### [Task brief]
In the listing below, start your output at the line with "豚肉、もやし、たまねぎ、ニラなどを炒めた野菜たっぷりの焼き肉。" and end it after the line with "毎日夕方に洗濯物(エプロン)畳みを率先して行っております。", copying every line exactly.

----- The records

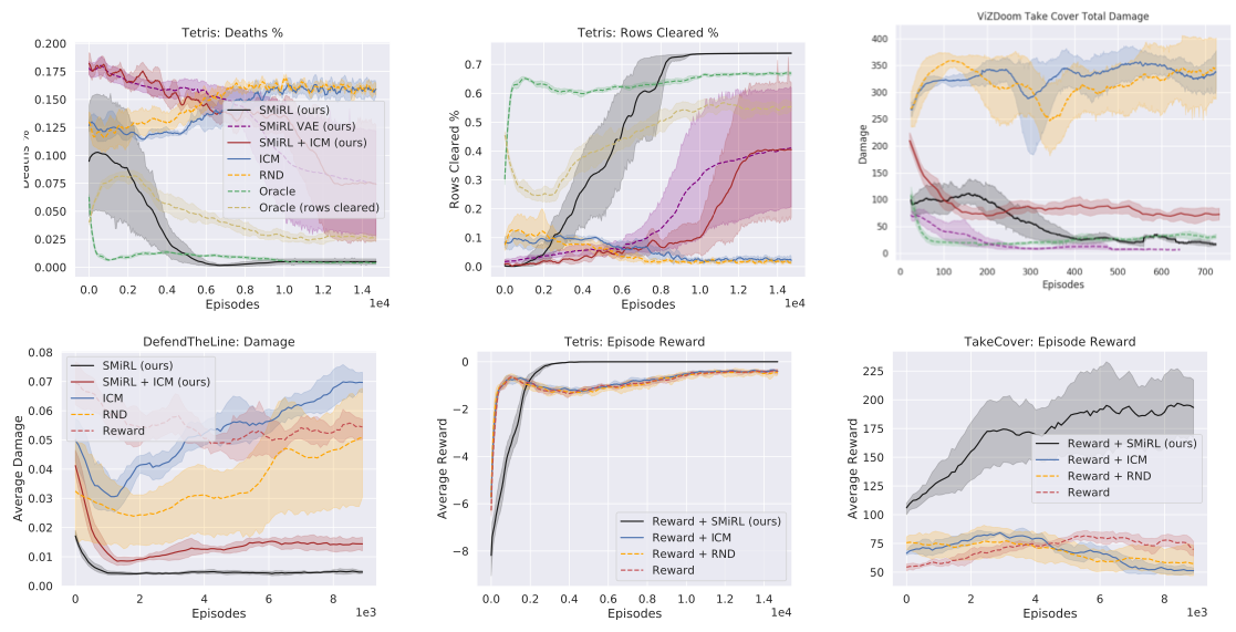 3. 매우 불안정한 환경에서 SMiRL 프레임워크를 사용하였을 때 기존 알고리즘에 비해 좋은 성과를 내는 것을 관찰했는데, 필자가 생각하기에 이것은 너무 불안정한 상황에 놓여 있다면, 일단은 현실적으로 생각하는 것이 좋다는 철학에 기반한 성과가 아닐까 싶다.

----------
----- The records

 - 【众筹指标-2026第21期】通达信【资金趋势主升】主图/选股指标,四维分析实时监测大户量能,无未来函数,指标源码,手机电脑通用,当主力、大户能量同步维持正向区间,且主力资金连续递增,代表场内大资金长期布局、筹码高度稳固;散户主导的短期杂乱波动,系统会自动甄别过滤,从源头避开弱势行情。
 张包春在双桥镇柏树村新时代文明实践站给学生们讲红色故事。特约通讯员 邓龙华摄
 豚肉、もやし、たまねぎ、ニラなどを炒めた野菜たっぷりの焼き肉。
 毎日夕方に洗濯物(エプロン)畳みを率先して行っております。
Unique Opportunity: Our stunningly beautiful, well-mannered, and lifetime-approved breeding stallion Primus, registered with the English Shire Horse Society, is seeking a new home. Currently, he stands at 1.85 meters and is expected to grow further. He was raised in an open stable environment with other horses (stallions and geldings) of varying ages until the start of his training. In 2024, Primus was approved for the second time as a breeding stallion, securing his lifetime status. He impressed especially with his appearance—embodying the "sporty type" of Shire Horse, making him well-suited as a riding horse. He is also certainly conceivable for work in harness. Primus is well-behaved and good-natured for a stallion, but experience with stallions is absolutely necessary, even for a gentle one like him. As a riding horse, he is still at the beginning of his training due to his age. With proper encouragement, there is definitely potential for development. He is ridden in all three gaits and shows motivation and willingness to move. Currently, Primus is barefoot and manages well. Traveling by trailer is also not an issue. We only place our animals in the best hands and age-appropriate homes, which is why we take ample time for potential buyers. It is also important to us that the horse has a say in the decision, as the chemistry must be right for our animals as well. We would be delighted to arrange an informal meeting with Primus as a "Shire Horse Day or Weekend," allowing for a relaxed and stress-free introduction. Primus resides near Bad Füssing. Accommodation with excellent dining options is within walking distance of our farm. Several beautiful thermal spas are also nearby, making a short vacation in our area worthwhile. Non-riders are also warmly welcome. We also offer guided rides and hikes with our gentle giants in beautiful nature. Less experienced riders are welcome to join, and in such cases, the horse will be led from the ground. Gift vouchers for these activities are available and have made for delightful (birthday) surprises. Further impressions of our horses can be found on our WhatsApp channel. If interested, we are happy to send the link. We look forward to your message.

----------

### [Answer space]
 豚肉、もやし、たまねぎ、ニラなどを炒めた野菜たっぷりの焼き肉。
 毎日夕方に洗濯物(エプロン)畳みを率先して行っております。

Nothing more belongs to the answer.